• **DIRECTIONS**
Among the entries below, one stretch runs from the line that contains "The building offers" through the line that contains "More information about". Repeat that stretch exactly, ends included, and only that.

• **MATERIAL PROVIDED**
BEGIN

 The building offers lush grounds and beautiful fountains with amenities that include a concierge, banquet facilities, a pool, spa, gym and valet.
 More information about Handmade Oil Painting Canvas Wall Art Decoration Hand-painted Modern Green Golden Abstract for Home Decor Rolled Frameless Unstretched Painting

END
BEGIN

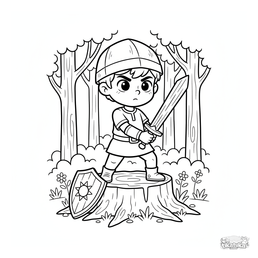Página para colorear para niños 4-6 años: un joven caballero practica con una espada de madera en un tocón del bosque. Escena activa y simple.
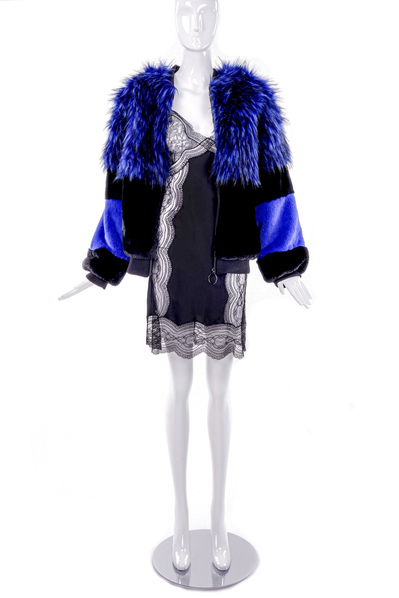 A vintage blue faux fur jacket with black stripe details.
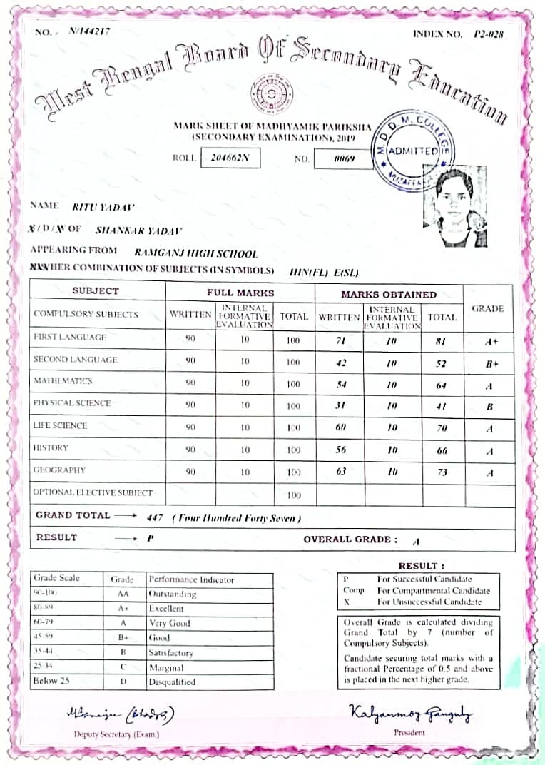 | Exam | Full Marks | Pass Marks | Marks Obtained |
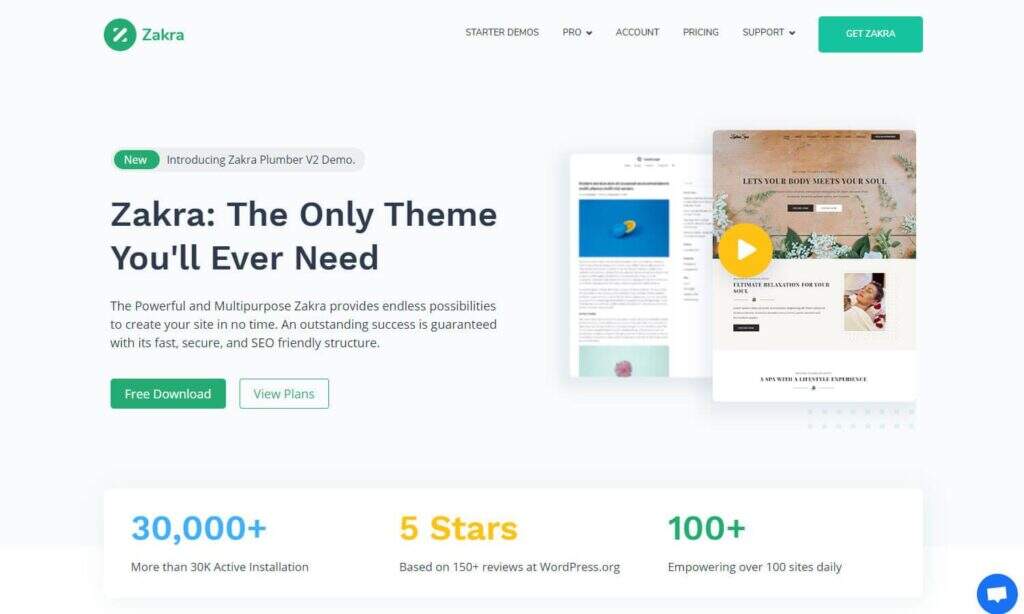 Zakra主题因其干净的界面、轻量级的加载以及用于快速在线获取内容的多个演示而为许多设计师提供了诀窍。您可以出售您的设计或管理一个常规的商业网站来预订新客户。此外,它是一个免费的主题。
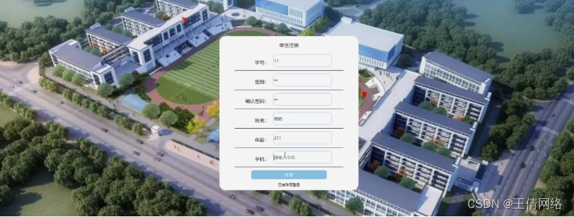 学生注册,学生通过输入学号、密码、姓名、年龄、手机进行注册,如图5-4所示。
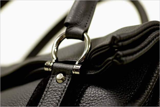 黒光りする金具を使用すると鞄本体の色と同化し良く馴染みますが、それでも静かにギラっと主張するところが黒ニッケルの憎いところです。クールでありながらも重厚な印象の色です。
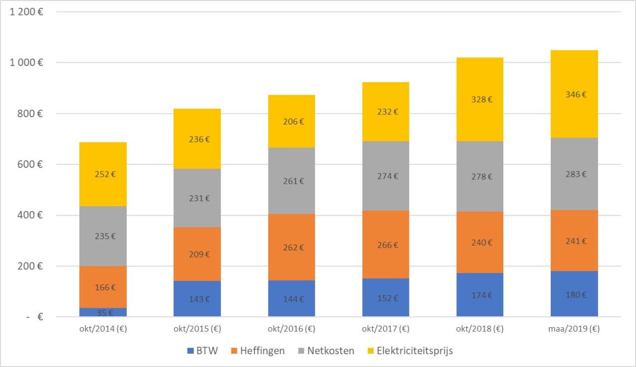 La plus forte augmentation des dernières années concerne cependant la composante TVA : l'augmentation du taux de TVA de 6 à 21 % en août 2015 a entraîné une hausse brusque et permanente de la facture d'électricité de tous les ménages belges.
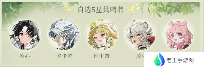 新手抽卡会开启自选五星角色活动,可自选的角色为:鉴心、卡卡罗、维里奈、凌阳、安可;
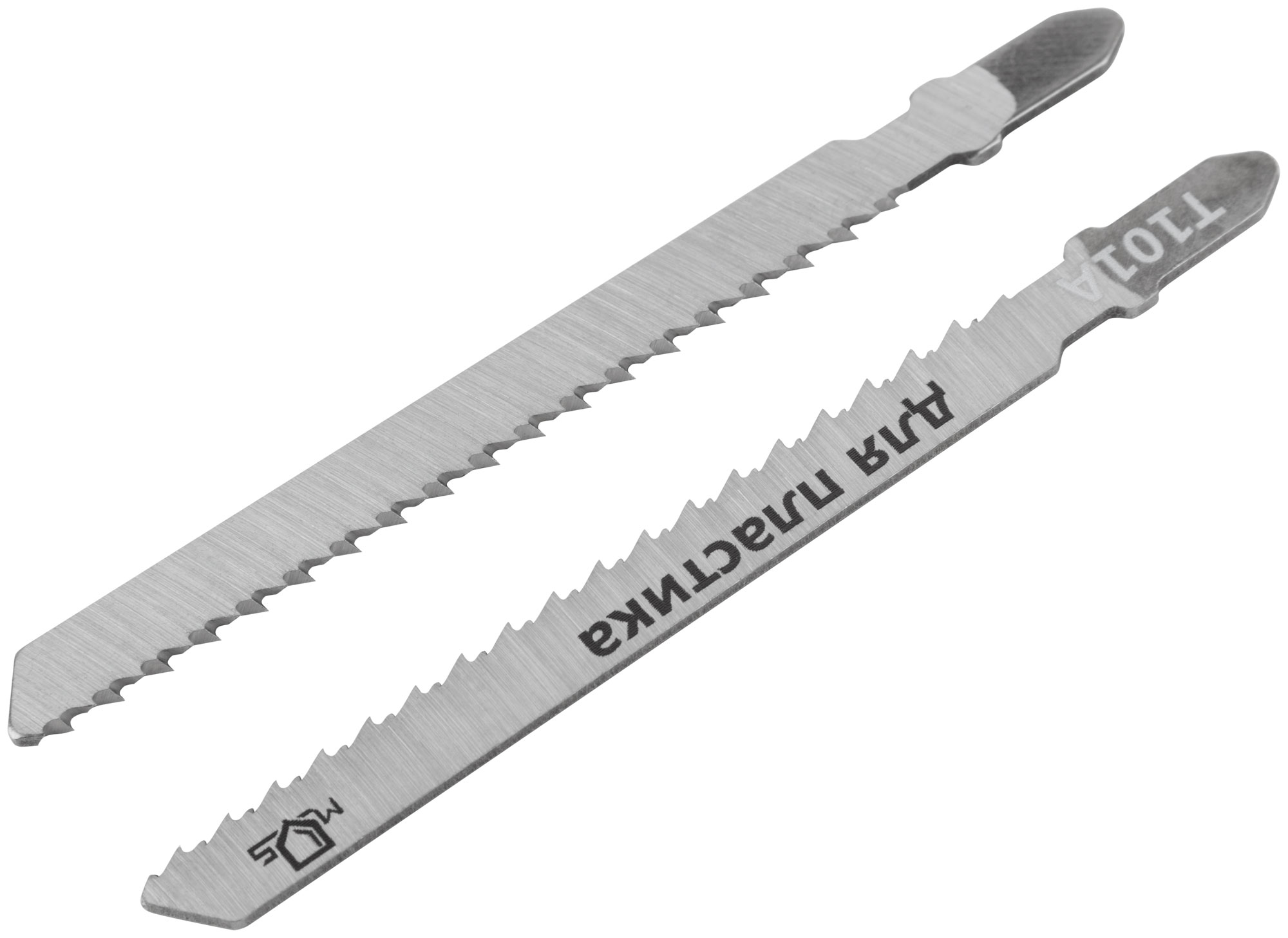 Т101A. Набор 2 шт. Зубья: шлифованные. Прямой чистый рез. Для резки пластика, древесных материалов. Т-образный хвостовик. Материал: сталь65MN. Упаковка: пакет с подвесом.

END
BEGIN

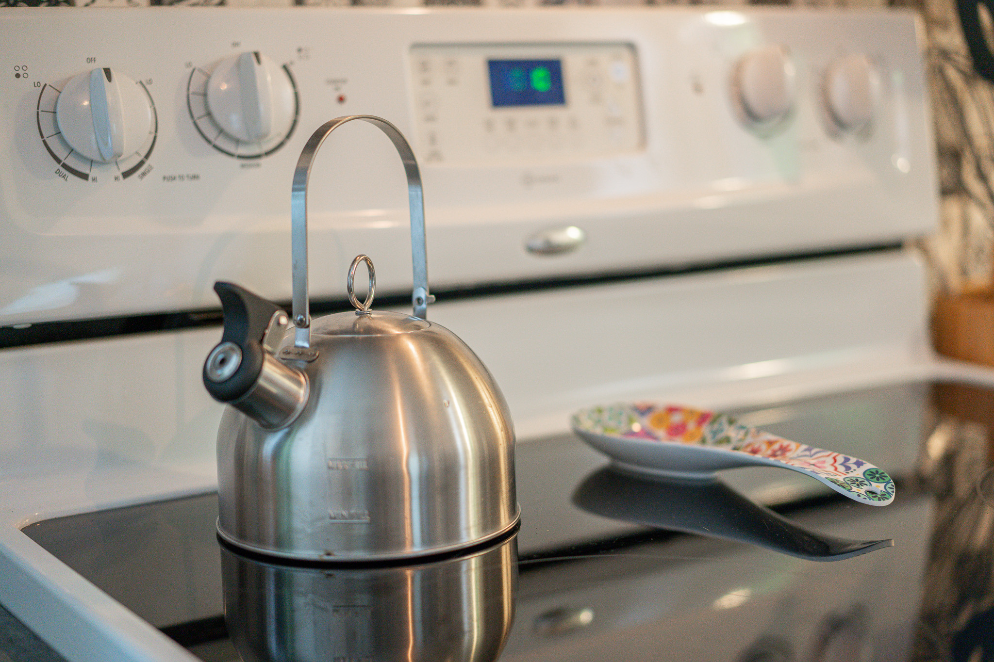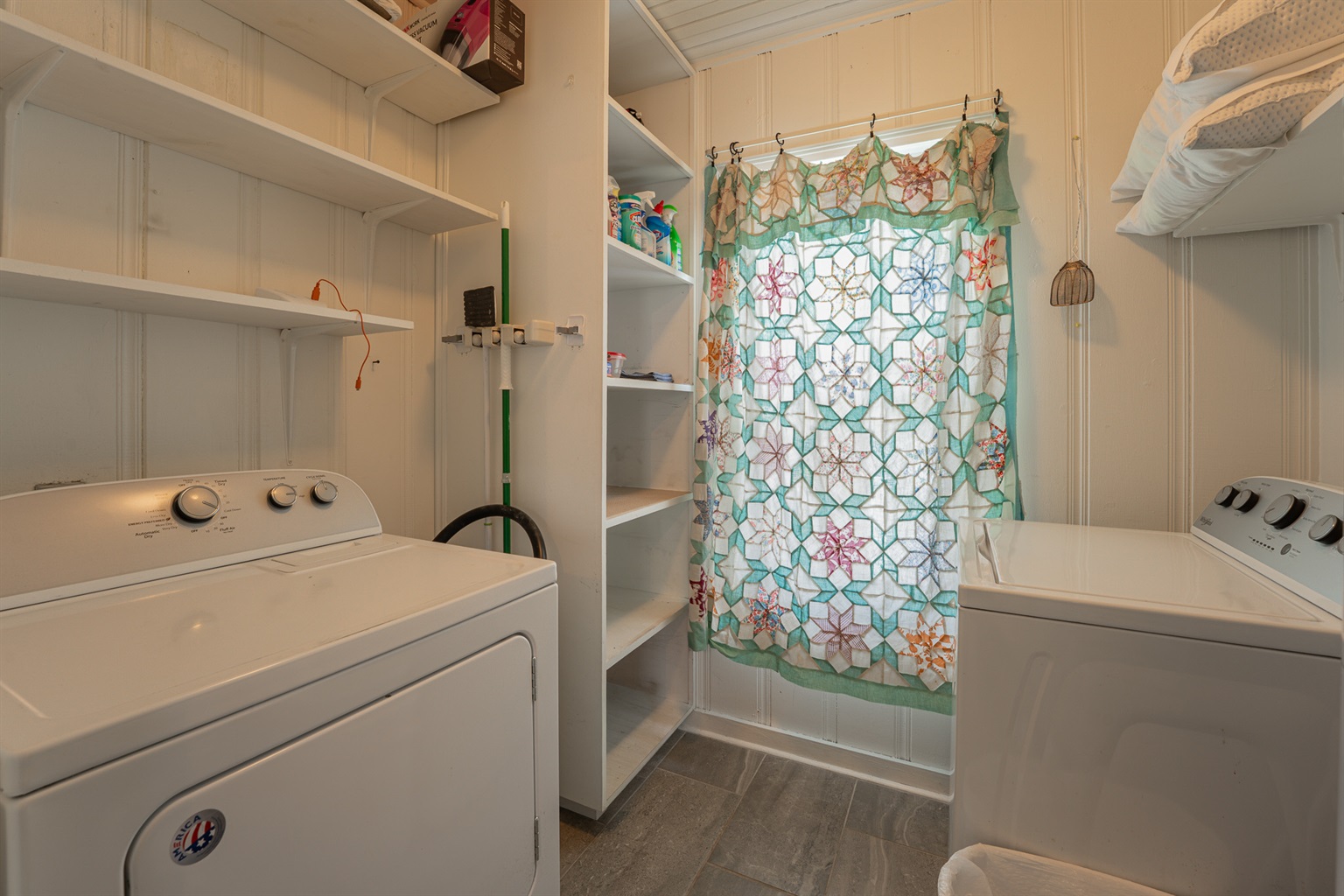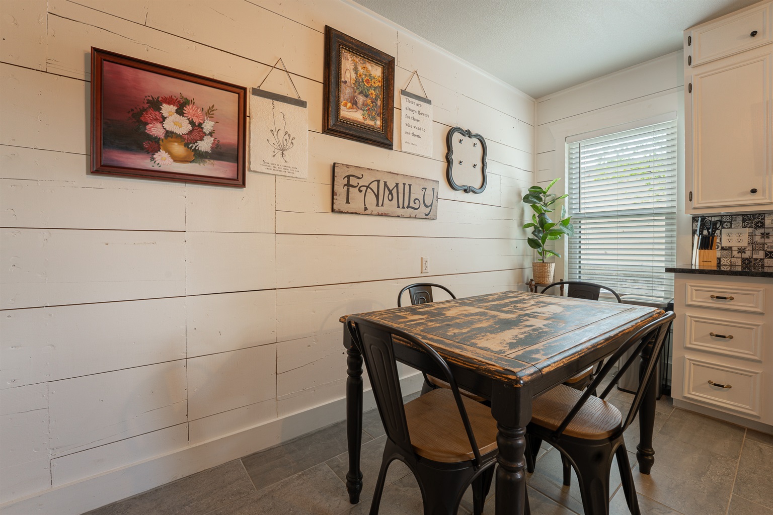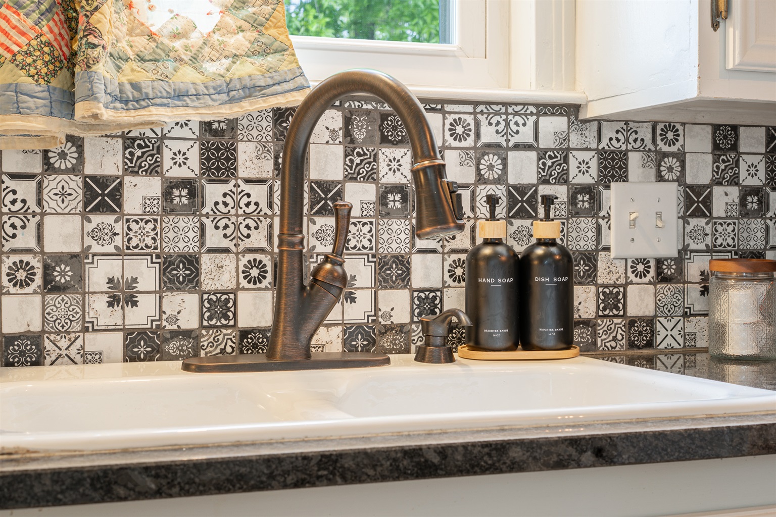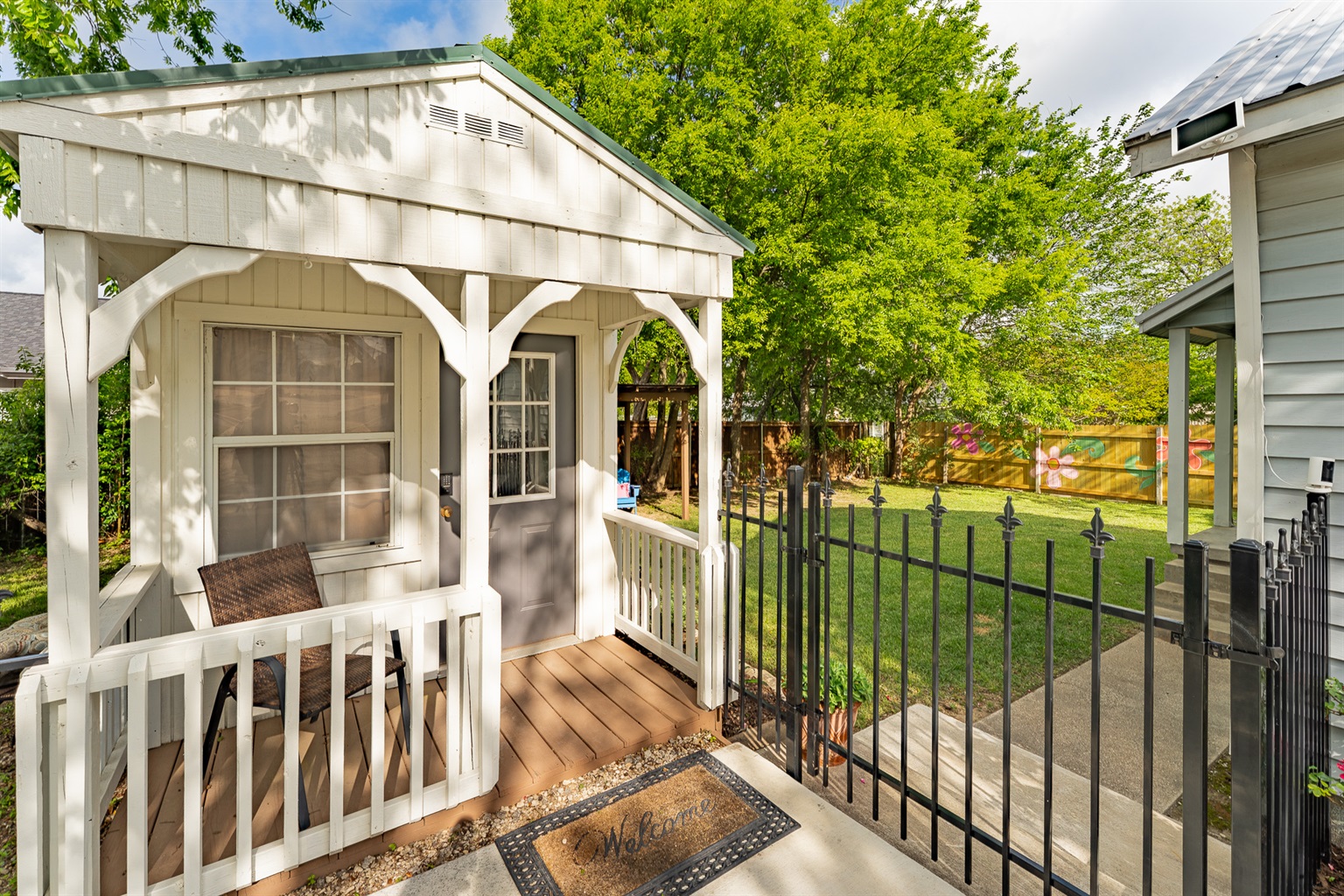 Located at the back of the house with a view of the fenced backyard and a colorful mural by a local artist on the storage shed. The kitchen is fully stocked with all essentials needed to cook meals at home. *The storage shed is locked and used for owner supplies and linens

END

• **SOLUTION FOR THIS TASK**
 The building offers lush grounds and beautiful fountains with amenities that include a concierge, banquet facilities, a pool, spa, gym and valet.
 More information about Handmade Oil Painting Canvas Wall Art Decoration Hand-painted Modern Green Golden Abstract for Home Decor Rolled Frameless Unstretched Painting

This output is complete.